Hospital information panels in western Switzerland give advice Keystone

Four new cases of bird flu discovered in northeastern Switzerland on Sunday bring the total in wild birds across the country to 11.

The Federal Veterinary Office said laboratory analysis would show within a week whether the dead water birds carried the highly contagious H5N1 virus.

The H5 virus was found in two ducks and a coot in villages in canton Thurgau, and a coot in canton Zurich.

The Federal Veterinary Office said it had sent samples, as with previous cases, to a European Union laboratory in Britain for further tests.

The veterinary office says it expects further cases in the next few days as surveillance programmes have been stepped up.

On Saturday, Health Minister Pascal Couchepin expressed concern that Switzerland was not in the position to manufacture sufficient quantities of a vaccine for the population in case of a bird flu pandemic among humans.

Couchepin told the Neue Zürcher Zeitung newspaper that Switzerland’s sole vaccine producer, Berna Biotech, probably did not have the necessary capacity since much of its manufacturing had been outsourced abroad.

In December, the health minister warned that nothing could stop countries from banning exports of vaccines in case of a pandemic.

No domestic fowl

So far no domestic fowl in Switzerland have tested positive for the disease.

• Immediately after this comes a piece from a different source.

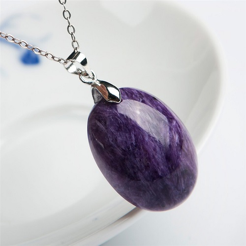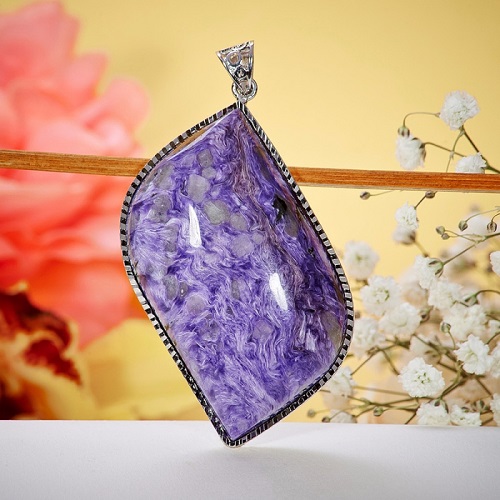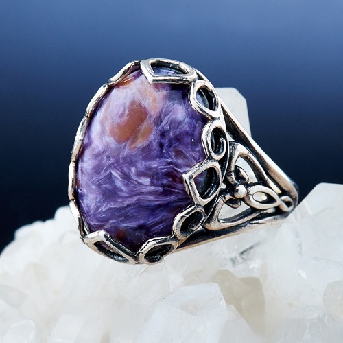 Experts in the field of extrasensory perception often argue that the “magic parameters” of charoite will grow if it is inserted into silver or at least just hung on a chain of silver. But the gold frame is not recommended to use. InoIt is claimed that charoite jewelry is indispensable for hypertensive patients and for those suffering from nervous disorders. It is often mentioned that small charoite balls should be clamped and rolled gently in the palms.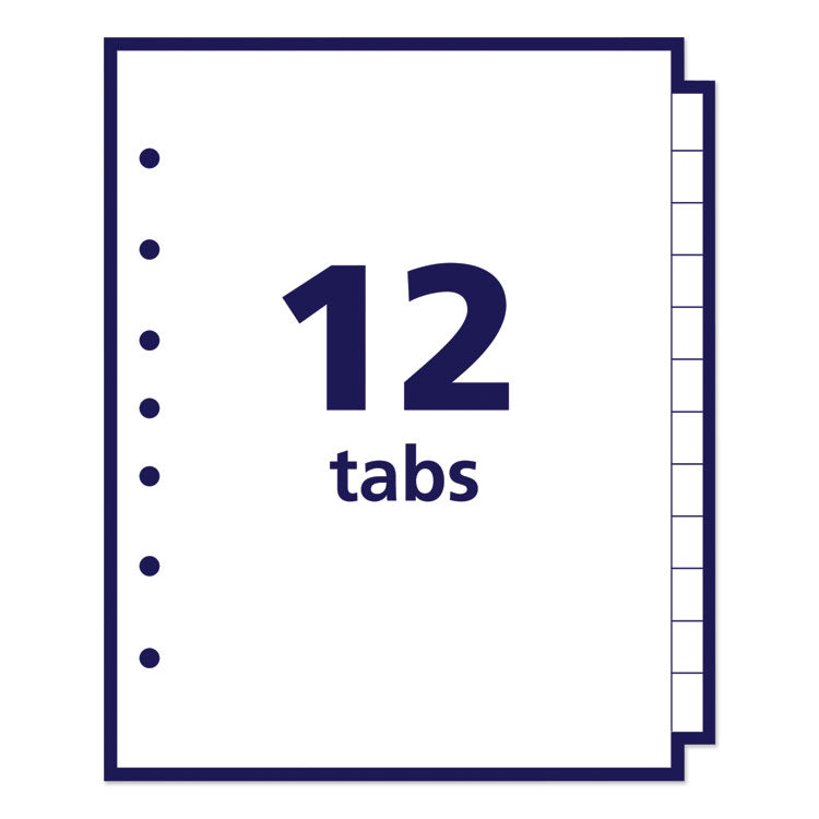 preprinted tab dividers, 12-tab, a to z, 8.5 x 5.5, white, 1 set

Last month the government re-introduced an outdoor ban on poultry in an effort to prevent the disease from spreading.

Protection and observation zones have been set up around areas affected by bird flu. But the veterinary office stressed that there was no danger to the local population.

As a precautionary measure, it advised people coming in contact with dead or sick birds not to touch them with their bare hands.

Bird flu has also been spreading in countries around Switzerland over the past couple of weeks, notably in France and Germany.

swissinfo with agencies

Switzerland has reported one confirmed case of H5N1.
A Swiss laboratory has so far examined about 230 dead birds suspected of being infected with bird flu.
They involve mostly wild birds, such as swans, ducks and coots, but also some samples from poultry farms.

The highly pathogenic H5N1 virus was first isolated from a farmed goose in China in 1996.

A year later, the first cases of animal-to-human transmission were recorded in Hong Kong, resulting in six deaths.

In late 2005, the third wave of H5N1 reached eastern Europe on the backs of migrating birds, and turned up in Africa earlier this month.

In the past weeks, H5N1 has spread to Switzerland’s neighbours France, Germany, Italy and Austria.

On February 26, the first suspected case was discovered in Geneva in western Switzerland. It was later confirmed to be the deadly H5N1 strain.